Drop the images; return everything else in the listing below exactly.

Given information:

*****

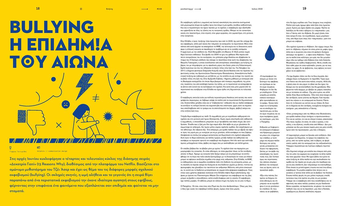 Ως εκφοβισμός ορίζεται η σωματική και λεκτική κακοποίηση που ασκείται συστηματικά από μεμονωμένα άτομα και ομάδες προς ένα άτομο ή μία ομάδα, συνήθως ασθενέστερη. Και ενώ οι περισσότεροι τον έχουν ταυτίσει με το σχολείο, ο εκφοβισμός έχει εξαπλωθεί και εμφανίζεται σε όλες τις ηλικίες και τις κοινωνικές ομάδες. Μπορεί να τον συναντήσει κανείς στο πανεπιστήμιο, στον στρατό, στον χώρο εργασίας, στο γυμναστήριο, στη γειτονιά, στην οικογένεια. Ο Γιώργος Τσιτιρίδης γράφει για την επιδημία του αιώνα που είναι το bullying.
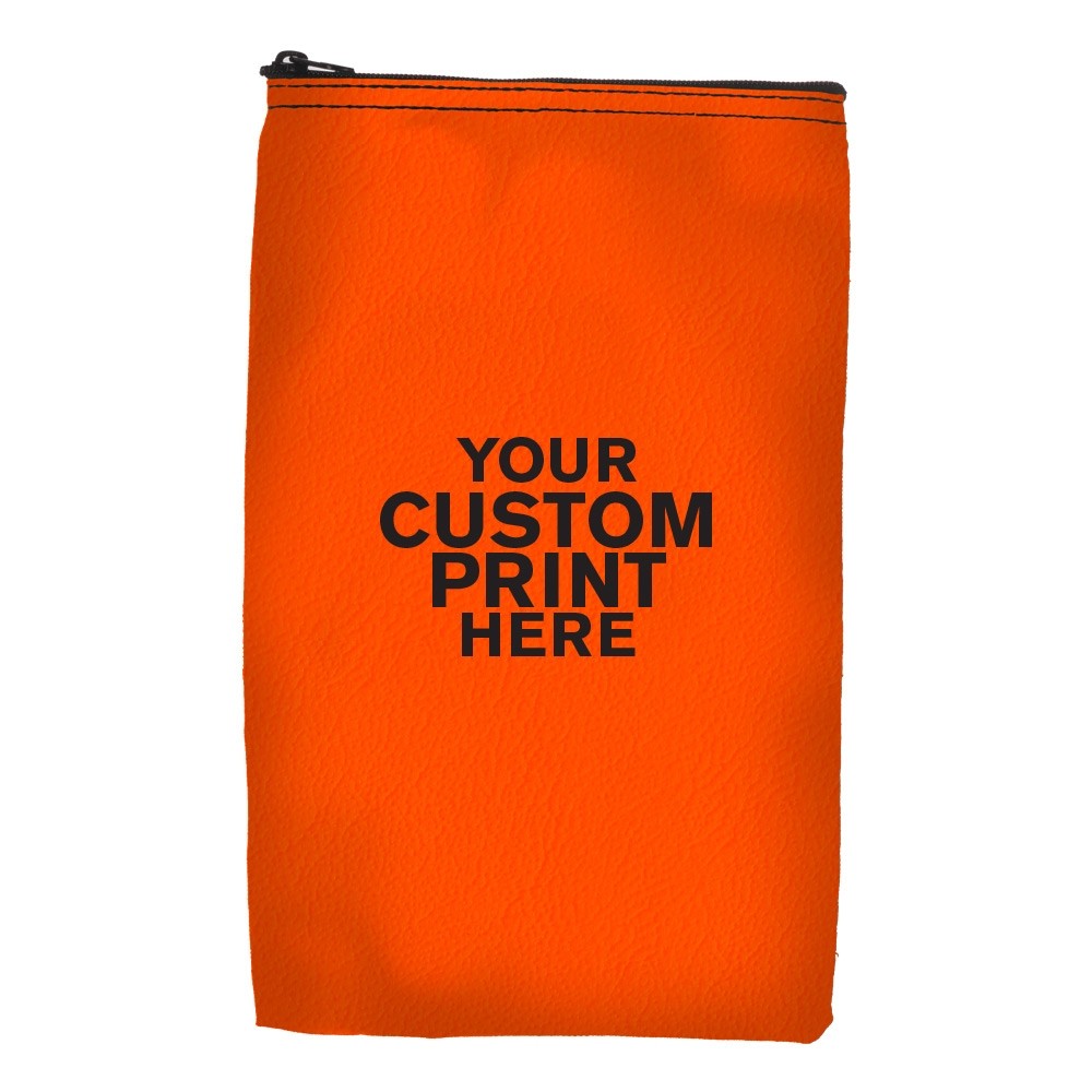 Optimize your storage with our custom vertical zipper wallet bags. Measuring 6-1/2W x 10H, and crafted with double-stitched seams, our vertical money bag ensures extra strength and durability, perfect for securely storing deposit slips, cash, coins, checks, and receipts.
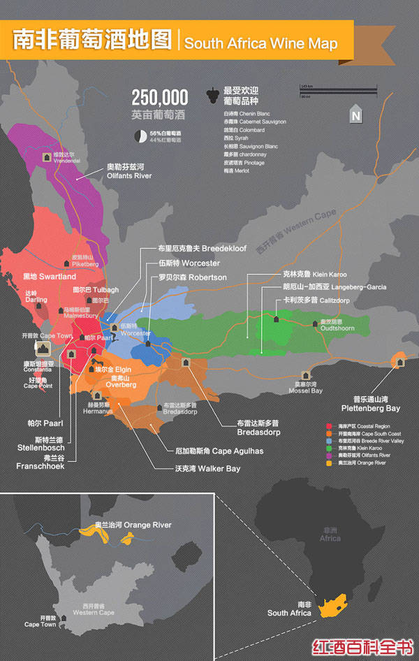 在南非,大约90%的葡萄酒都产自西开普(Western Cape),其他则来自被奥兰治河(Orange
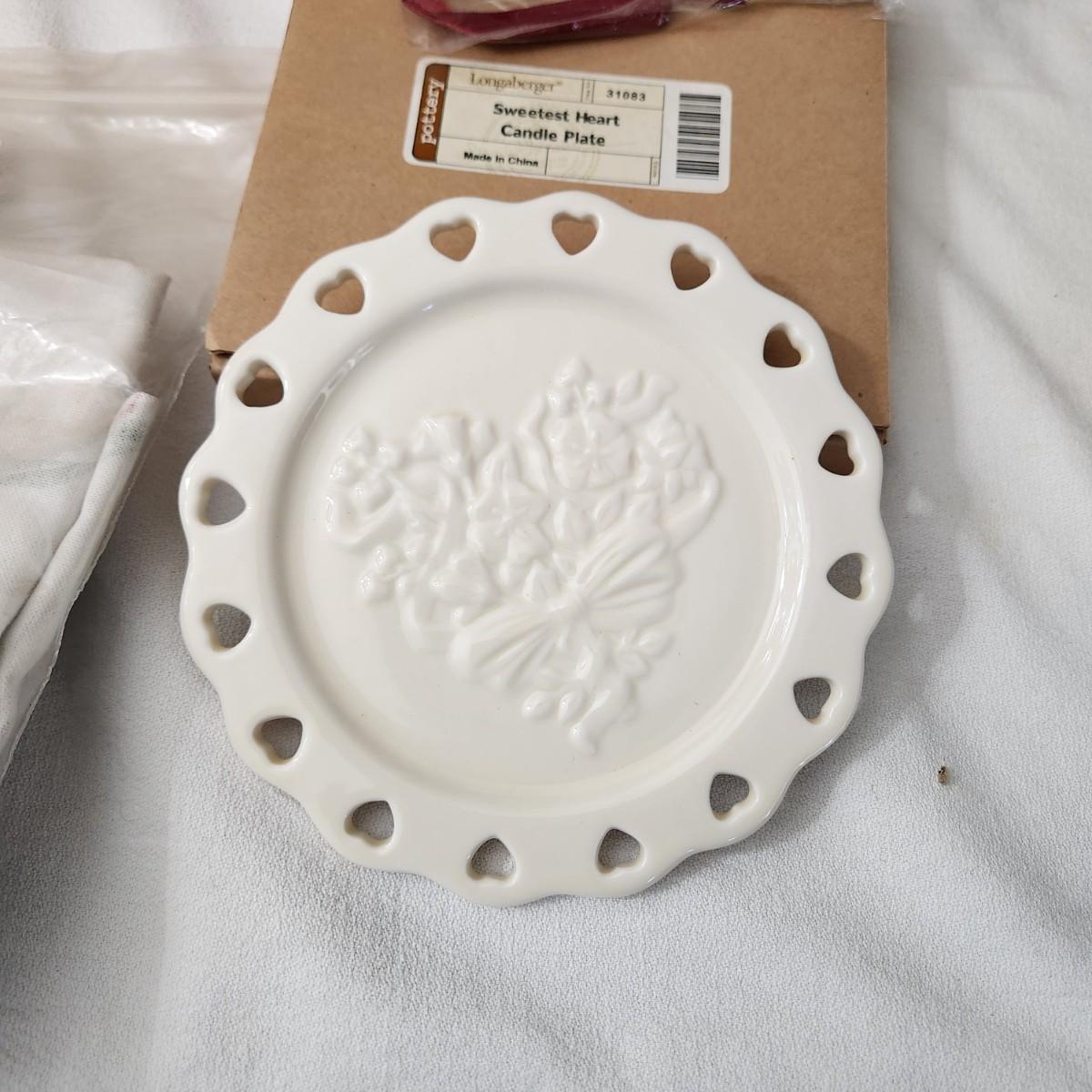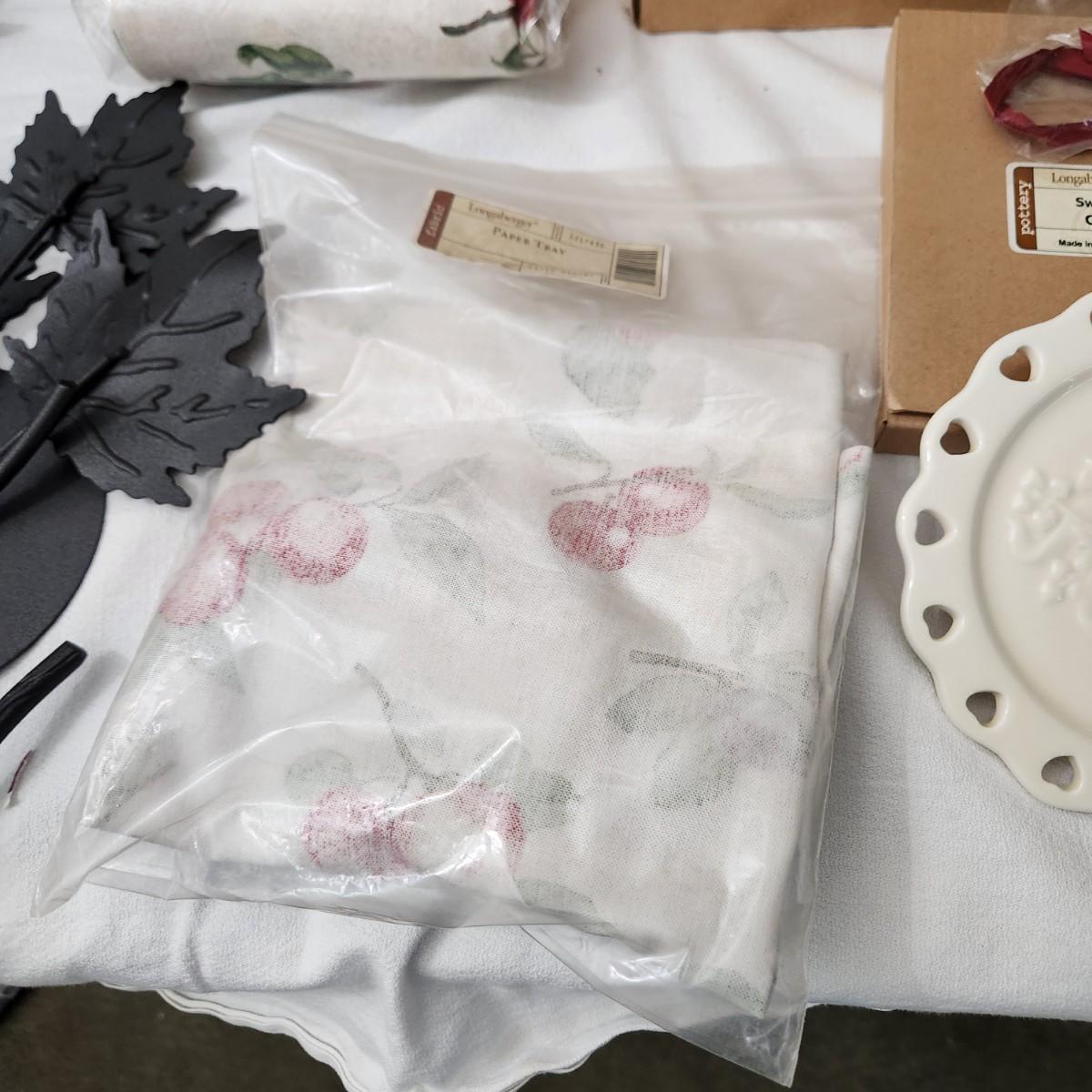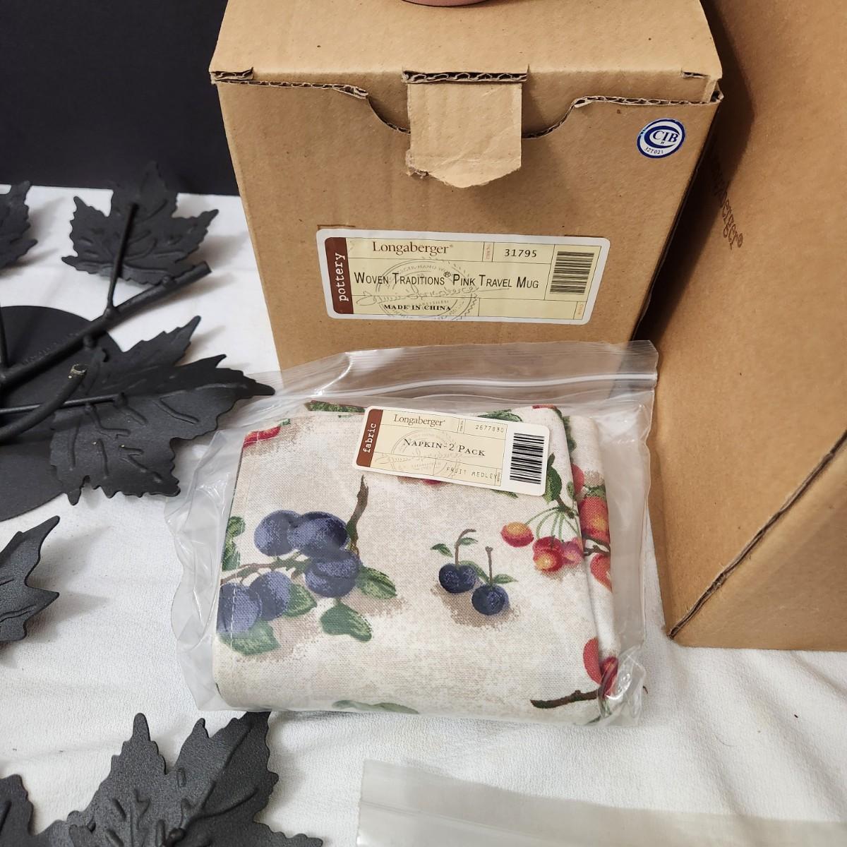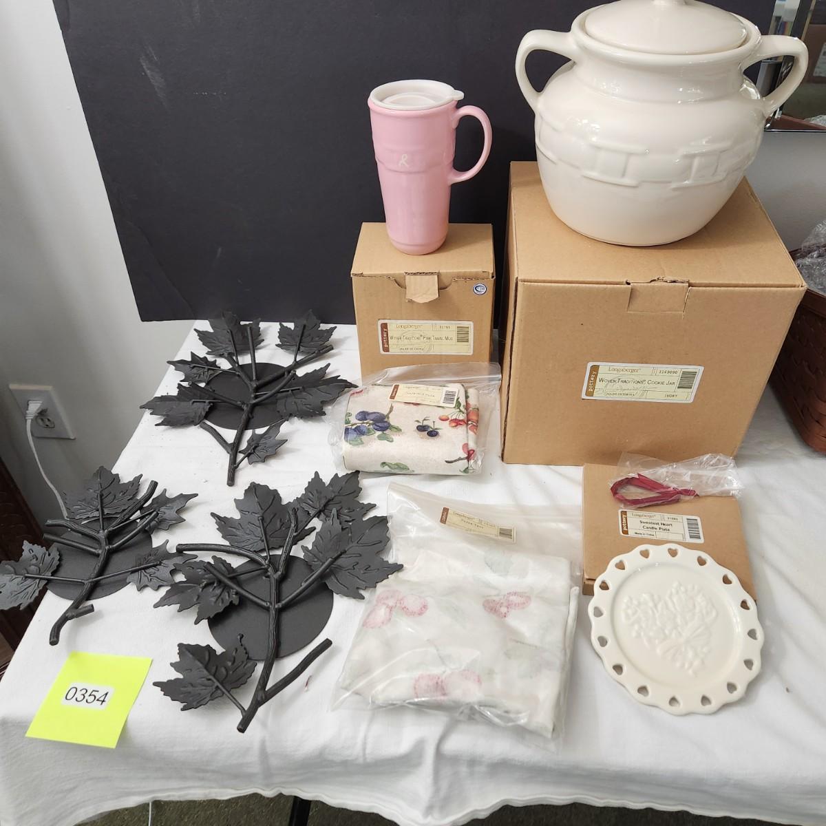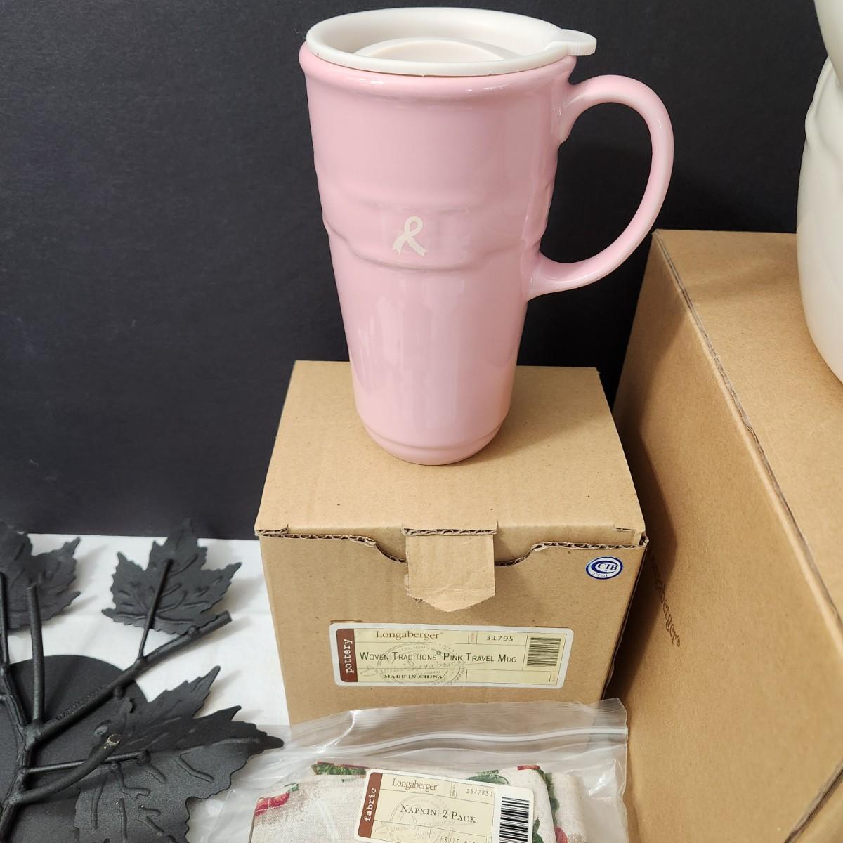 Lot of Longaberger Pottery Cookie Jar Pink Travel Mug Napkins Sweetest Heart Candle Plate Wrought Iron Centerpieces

*****

Solved problem:
 Ως εκφοβισμός ορίζεται η σωματική και λεκτική κακοποίηση που ασκείται συστηματικά από μεμονωμένα άτομα και ομάδες προς ένα άτομο ή μία ομάδα, συνήθως ασθενέστερη. Και ενώ οι περισσότεροι τον έχουν ταυτίσει με το σχολείο, ο εκφοβισμός έχει εξαπλωθεί και εμφανίζεται σε όλες τις ηλικίες και τις κοινωνικές ομάδες. Μπορεί να τον συναντήσει κανείς στο πανεπιστήμιο, στον στρατό, στον χώρο εργασίας, στο γυμναστήριο, στη γειτονιά, στην οικογένεια. Ο Γιώργος Τσιτιρίδης γράφει για την επιδημία του αιώνα που είναι το bullying.
 Optimize your storage with our custom vertical zipper wallet bags. Measuring 6-1/2W x 10H, and crafted with double-stitched seams, our vertical money bag ensures extra strength and durability, perfect for securely storing deposit slips, cash, coins, checks, and receipts.
 在南非,大约90%的葡萄酒都产自西开普(Western Cape),其他则来自被奥兰治河(Orange
 Lot of Longaberger Pottery Cookie Jar Pink Travel Mug Napkins Sweetest Heart Candle Plate Wrought Iron Centerpieces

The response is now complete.